Background: When assessing right ventricular (RV) function by echocardiography, some discordance between the deformational indices is predicted on the basis of the influence of RV length. RV free wall longitudinal strain (RVFWS) is relatively independent of RV length, whereas tricuspid annular plane systolic excursion (TAPSE) reflects the strain-length product. Systolic annular velocity (s'; distance over time) is also likely to be influenced by length. The aim of this study was to test the hypothesis that indexing TAPSE and s' to RV length would lead to better congruency with RVFWS.

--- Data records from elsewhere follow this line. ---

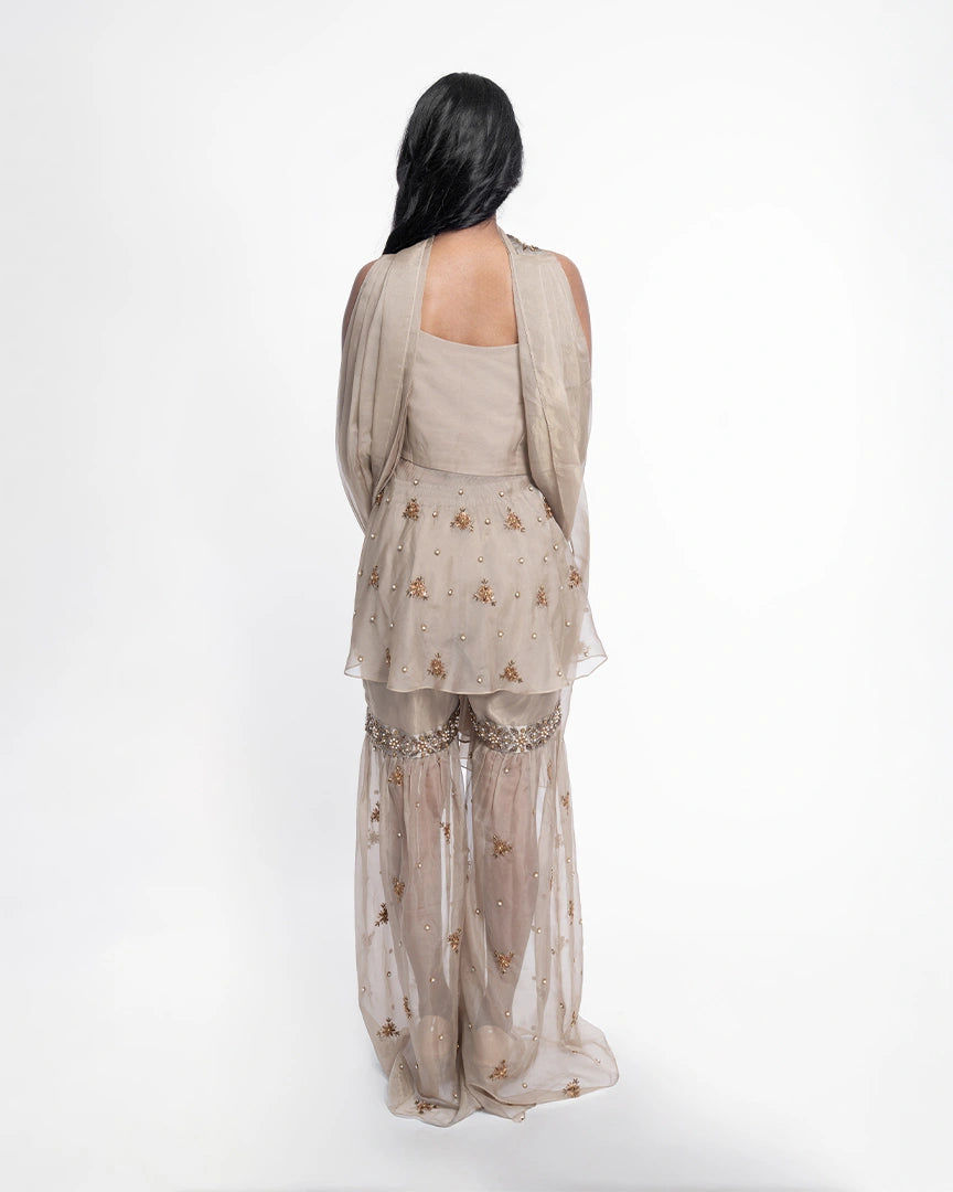 Dazzling style comes to life in this elegant sharara set, featuring intricate aari work and a modern flair that makes tradition feel runway-ready.
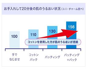 当社は外部機関とお肌のお手入れ方法について共同研究を行い、手で化粧水をなじませるだけに比べて化粧用パフ・コットンによるパッティングがスキンケアに着用であることが分かりました。
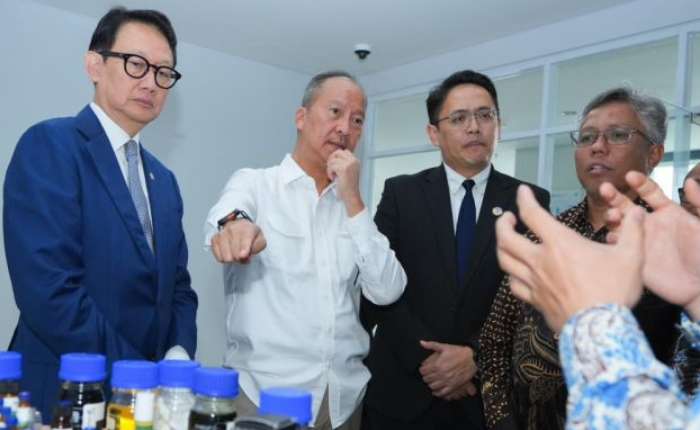 2026年1月29日,印尼业部长阿古斯(左二)在万隆举行的“2026年印尼半导体峰会”上,视察了芯片设计及相关半导体配套组件的研发设施与成果,并与半导体行业从业者和专家进行交流,旨在加强国家半导体生态系统建设。
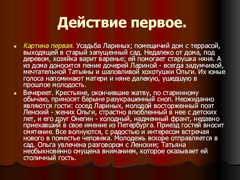 в старый запущенный сад. Недалеко от дома, под деревом, хозяйка варит варенье; ей помогает старушка няня. А из дома доносится пение дочерей Лариной - всегда задумчивой, мечтательной Татьяны и шаловливой хохотушки Ольги. Их юные голоса напоминают матери и няне далекую, ушедшую в прошлое молодость.
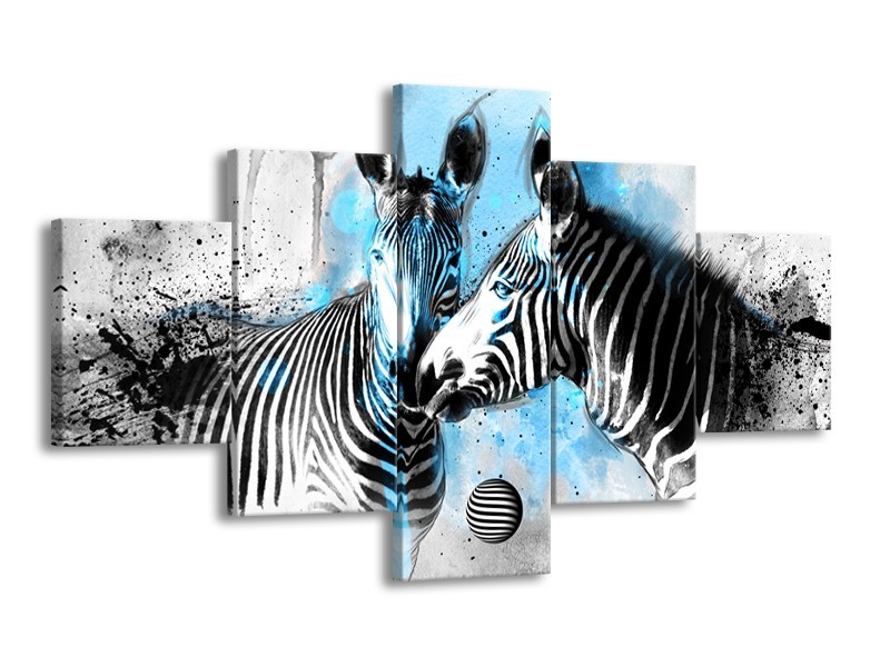 Glasschilderij Zebra, Dieren | Blauw, Zwart, Wit | 125x70cm 5Luik
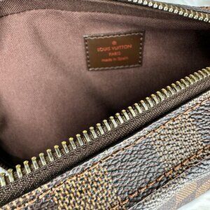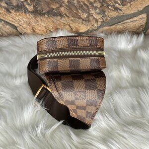 Crafted in the signature Damier Ebene canvas, the Louis Vuitton Geronimos Crossbody Bag is the ultimate fusion of luxury and functionality. Its compact silhouette, rich brown checkerboard pattern, and supple leather accents make it a timeless piece that easily complements both casual and upscale looks. Whether worn across the chest, over the shoulder, or around the waist, it brings sophisticated versatility to any outfit.
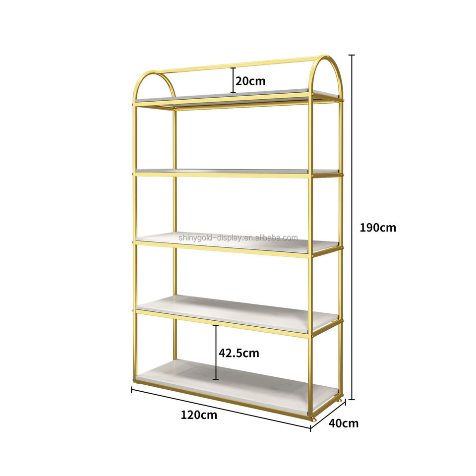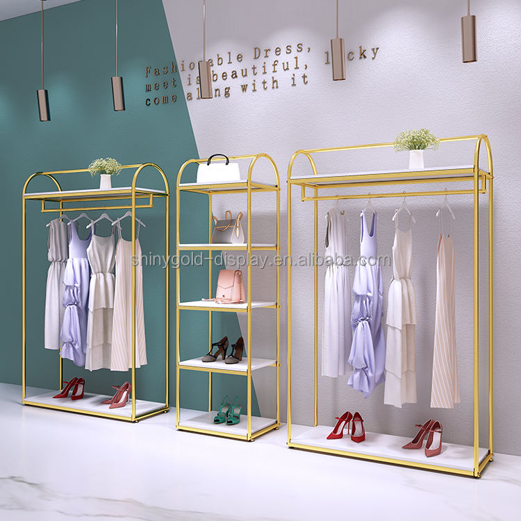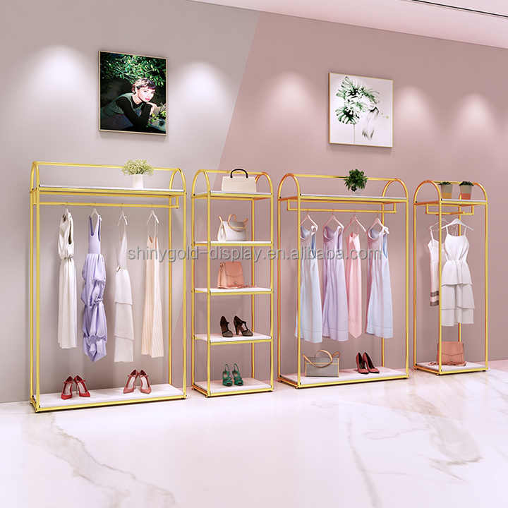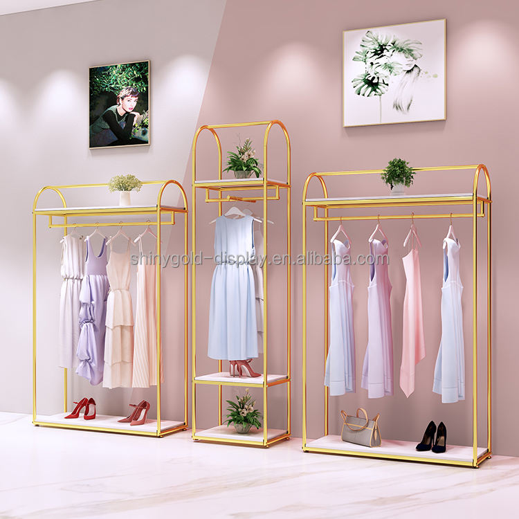 ที่กำหนดเองผู้หญิงขายปลีกเสื้อผ้ายืนแสดงสแตนเลสติดผนังชั้นวางเสื้อผ้าโลหะทองบูติกชั้นวางเสื้อผ้าสำหรับเสื้อผ้า

Methods: Two separate cohorts were identified from retrospective data: (1) subjects with normal cardiac function (n = 75) and (2) a cohort with high likelihood of potential RV dysfunction determined by the study indication of either pulmonary hypertension or pulmonary embolism (n = 50). RV functional indices of TAPSE, RV s', RVFWS, and fractional area change were verified and remeasured by an expert. Correlations and concordance maps between RVFWS and either TAPSE or RV s' were made with and without indexing the latter measurements to RV length. Predictive accuracy for detecting abnormal RVFWS were made using receiver operating characteristics analysis.

Results: In normal subjects, indexing either TAPSE or RV s' to RV length led to an improvement in the correlation coefficient (from 0.59 to 0.68 for TAPSE, from 0.41 to 0.58 for RV s') and the variance (F statistic from 64.9 to 105.3 for TAPSE from 24.7 to 63.9 for RV s') for correlations with RVFWS. In all subjects, categorical concordance with RVFWS was improved by indexing TAPSE and s' to RV length primarily because of correction of underperformance to detect abnormal RVFWS in subjects with long RV length and better discrimination as normal for subjects with short RV length. Indexing to RV length improved the C statistic for detecting abnormal RVFWS for both TAPSE (0.80 vs 0.87, P = .03) and RV s' (0.65 vs 0.77, P = .002).

Conclusions: Indexing TAPSE and RV s' to RV length improves concordance of these deformational measurements with RVFWS and their ability to classify those with RV dysfunction according to RVFWS. Indexing TAPSE and RV s' to length is particularly effective for interpreting paradoxical information such as low TAPSE and s' in normal patients with short RV length and those with increased RV length who have normal TAPSE and s' values but other evidence of RV dysfunction.